Спросил как-то тихо, скорее, виновато, без торжества, без свойственной ему обычной ядовитости и злобы. Даже успел заметить: скуластое лицо было грустным и просительным.
Машинально остановившись, я секунду молча смотрел на него. И не болью, тупым отголоском боли отдалось во мне это напоминание. Нет, вмешательство его не взорвало меня, не возмутило. Действительно, он оказался прав. Что ему ответить? Марать руки у меня не было ни сил, ни желания. Повернулся, пошел к своему домику.
-- Костя, постой. -- Голос Буланкина дрогнул, скорые шаги послышались позади, потом рядом быстрый, горячий говорок: -- Не хотел обидеть.
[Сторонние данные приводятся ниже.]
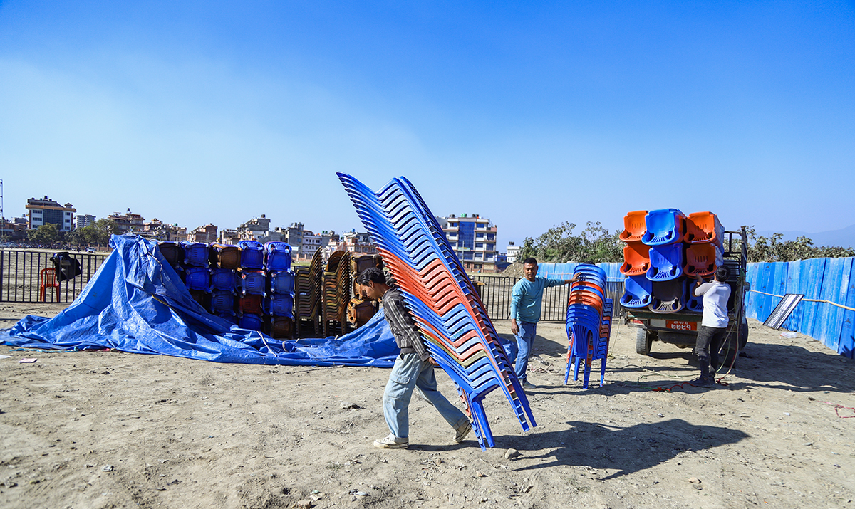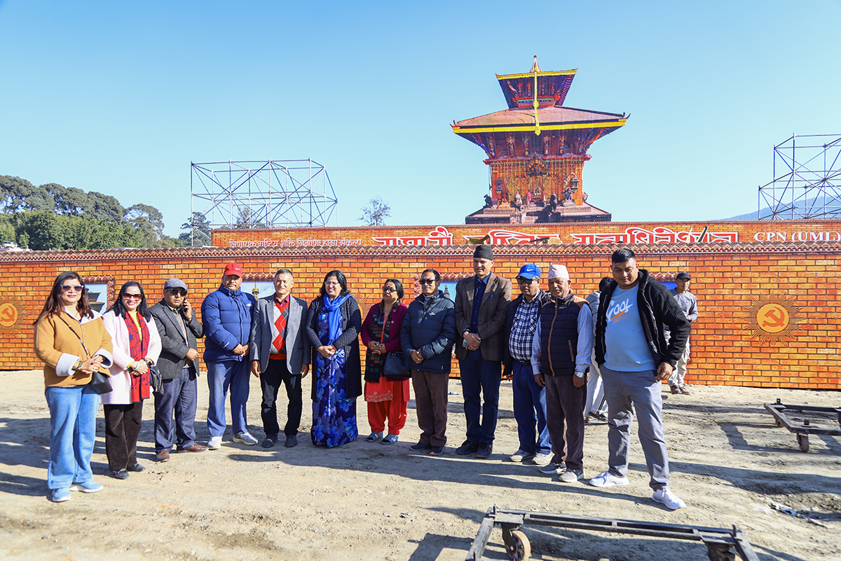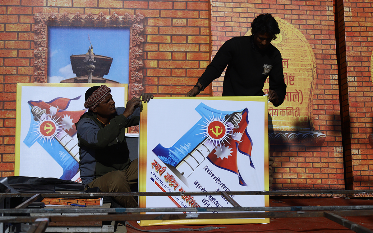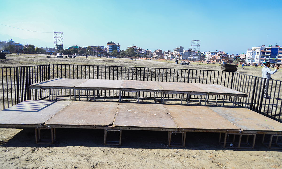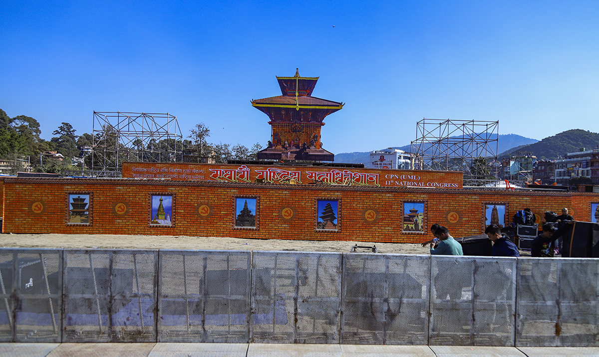भक्तपुर, मङ्सिर २५ गते। नेकपा (एमाले) को ११ औँ महाधिवेशन उद्घाटनस्थल निर्माणको कार्य धमाधम भइरहेको छ।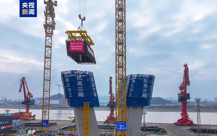 近日,在甬江特大橋施工現(xiàn)場,徐工超大塔XGT3000-120S揮舞鐵臂,67噸的鋼筋部品被穩(wěn)穩(wěn)吊起,精準(zhǔn)安裝,徐工助力這一世界級跨江大橋建設(shè)提速加碼。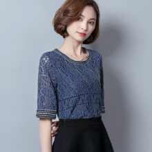 琪薇2017夏季新款 五分袖蕾丝镂空小衫宽松t恤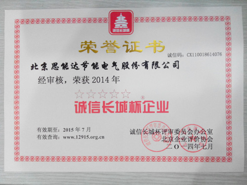 2014年7月11日,经北京企业评价协会初审、诚信长城杯评审委员会办公室综合评审、专家组联合审议,亚美登陆官网成为“2014年首批诚信长城杯创建企业”。

Знаю, какое состояние у тебя. Сам человек. Когда-нибудь расскажу, поймешь! -- Он махнул рукой в темноте и после короткой паузы уже тише предложил: --Зайдем... В пустой комнате тебе сейчас делать нечего. Я тоже один: Стрепетов дежурит.
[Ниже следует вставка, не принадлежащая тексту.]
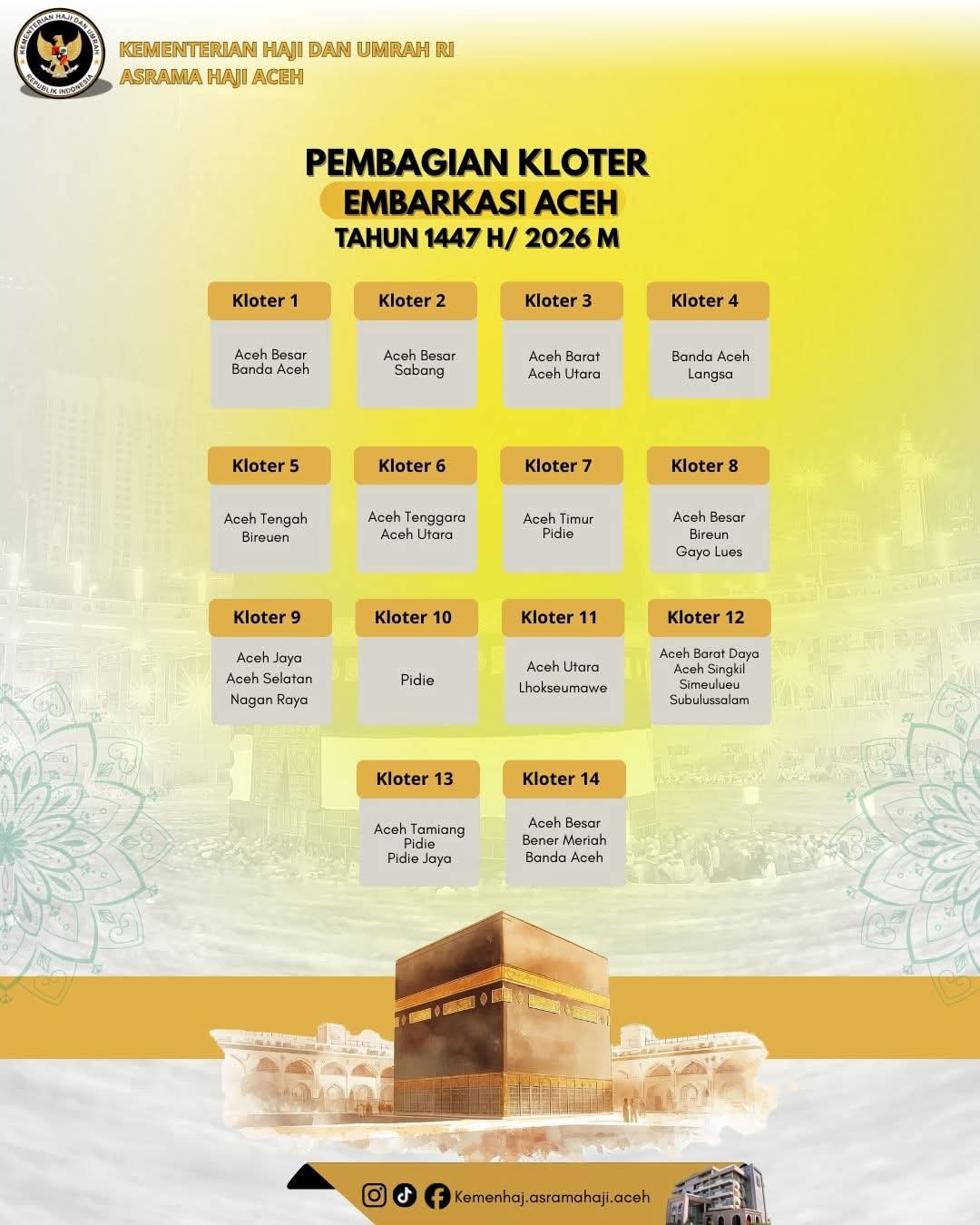 Berdasarkan jadwal tersebut, jamaah haji asal Aceh akan diberangkatkan dalam 14 kelompok terbang (kloter) dengan jadwal masuk asrama yang dimulai pada 5 Mei 2026.

То ли голос и тон его сделали свое дело, то ли мне вдруг почудилось в намеке Буланкина что-то общее с моей горькой, незавидной судьбой, но, когда он взял меня за локоть, я покорно вошел за ним в полутемноту коридора холостяцкой квартиры.
В комнате -- знакомый беспорядок: разбросанное на стульях обмундирование, на столе, застланном газетой, стопка книг, консервные банки, куски хлеба. Над кроватью лейтенанта Стрепетова по-прежнему красовалась коллекция вырезок из "Огонька", открытки с портретами артистов. В центре все также обнаженная Венера спала на роскошной постели, шустрые розовые амурчики хлопотали вокруг нее...
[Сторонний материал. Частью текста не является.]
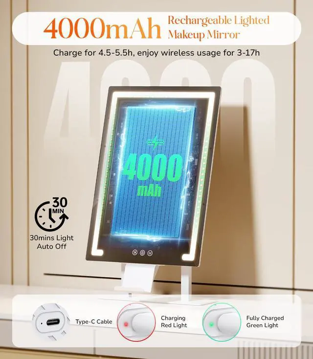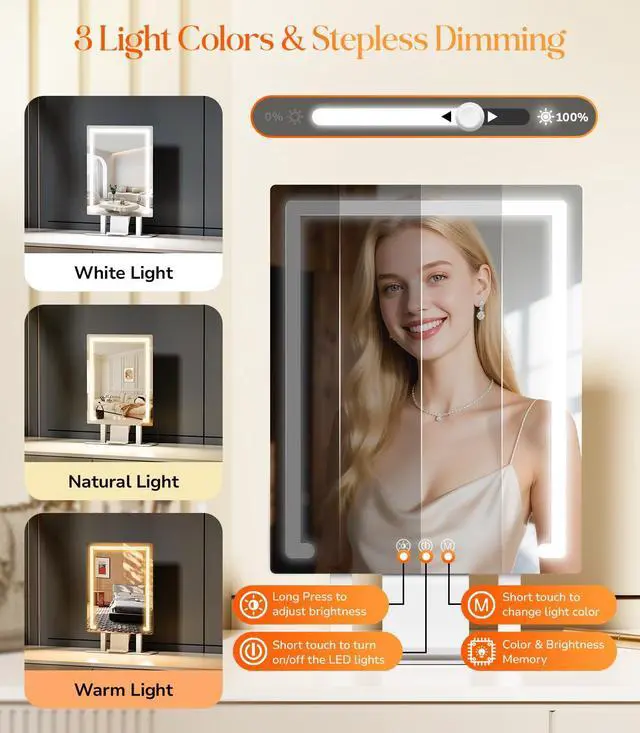 - CRI 95+ & 3 Light Colors & Stepless Dimming: With an ultra-high CRI 95+ rating and built-in 96 LED lights, this tabletop makeup mirror with lights offers white, warm, and natural light modes, coupled with stepless brightness adjustment, allowing you to easily adjust brightness, giving you a great viewing while applying makeup in dark or poorly lit areas, perfectly meet the different occasions makeup needs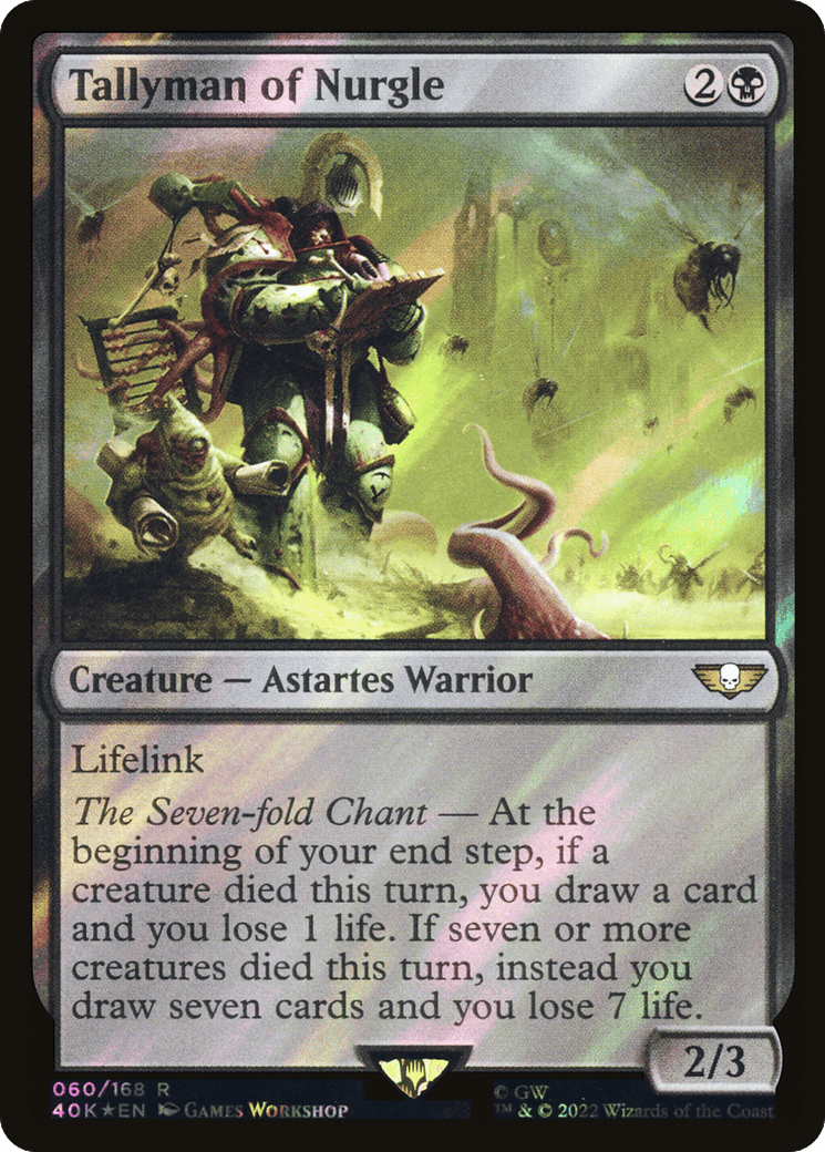 The Seven-fold Chant – At the beginning of your end step, if a creature died this turn, you draw a card and you lose 1 life. If seven or more creatures died this turn, instead you draw seven cards and you lose 7 life.

-- Садись, устраивайся. -- Буланкин пододвинул стул. В руках его появилась начатая бутылка водки.
-- Вот осталось. -- Он суетливо налил два неполных граненых стакана, один придвинул мне. -- Пей, легче станет. Знаю по себе.
Буланкин присел к столу, смотрел в лицо ободряюще, и мне вдруг пришла мысль: "А если в этой жидкости сейчас спасение? Исчезнет, растворится клубок горечи, застрявший в горле?" Водка рябила в стакане, -- должно быть, от руки Буланкина, лежавшей на углу стола. Подняв стакан, я выпил одним махом: палящая струя обожгла, сдавила горло. Буланкин торопливо пододвинул консервы, хлеб.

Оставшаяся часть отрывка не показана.